--- Raw data ---

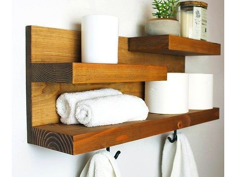 Hermoso entrepaño flotante para organizar tu baño. Nuez Especial.
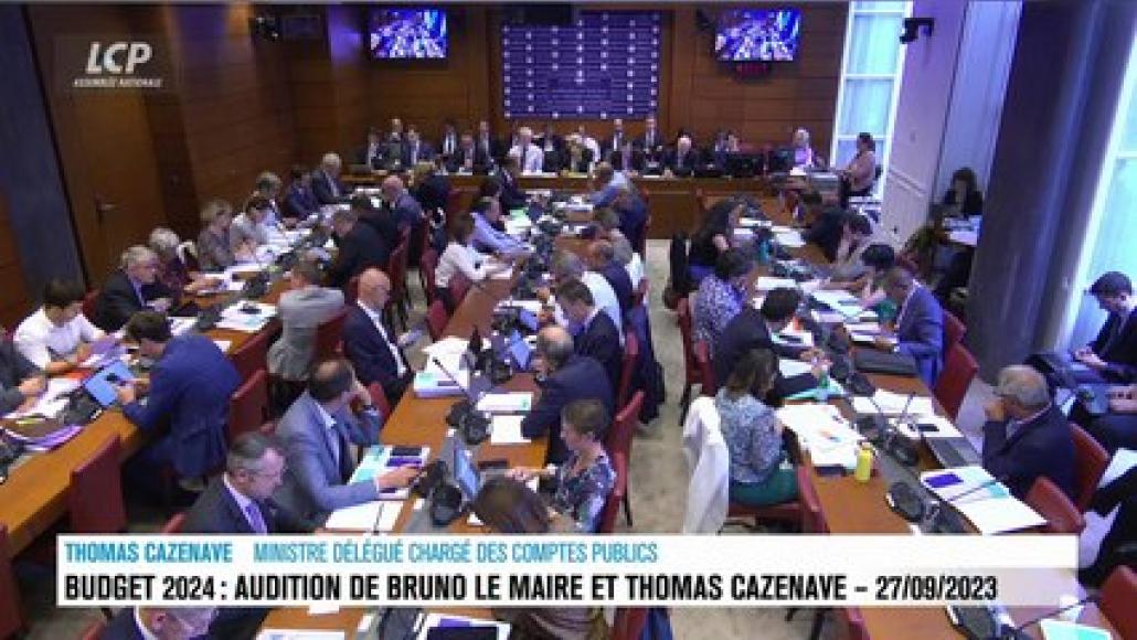 La commission des Finances de l'Assemblée nationale auditionne Bruno Le Maire et Thomas Cazenave, nouveau ministre des Comptes publics, sur le projet de budget pour 2024, présenté en conseil des ministres ce 27 septembre. Cette audition marque le début du marathon budgétaire, les parlementaires ayant un temps limité pour voter la prochaine loi de finances. Cette année, le gouvernement ambitionne de redresser les finances publiques en ralentissant les dépenses et en investissant dans la transition écologique. Une séance à revoir en intégralité sur LCP Assemblée nationale.
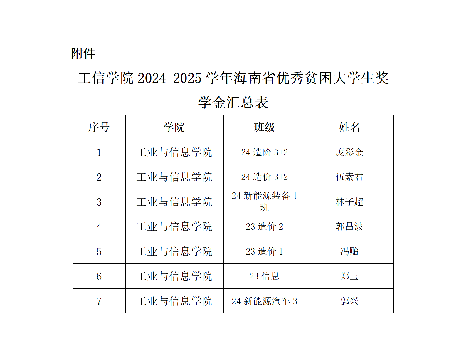附件:工信学院2024-2025学年海南省优秀贫困大学生奖学金汇总表

---

■ **Task prompt**:
Return the listing above unchanged, apart from dropping its pictures.

■ **Reply to the task**:
 Hermoso entrepaño flotante para organizar tu baño. Nuez Especial.
 La commission des Finances de l'Assemblée nationale auditionne Bruno Le Maire et Thomas Cazenave, nouveau ministre des Comptes publics, sur le projet de budget pour 2024, présenté en conseil des ministres ce 27 septembre. Cette audition marque le début du marathon budgétaire, les parlementaires ayant un temps limité pour voter la prochaine loi de finances. Cette année, le gouvernement ambitionne de redresser les finances publiques en ralentissant les dépenses et en investissant dans la transition écologique. Une séance à revoir en intégralité sur LCP Assemblée nationale.
附件:工信学院2024-2025学年海南省优秀贫困大学生奖学金汇总表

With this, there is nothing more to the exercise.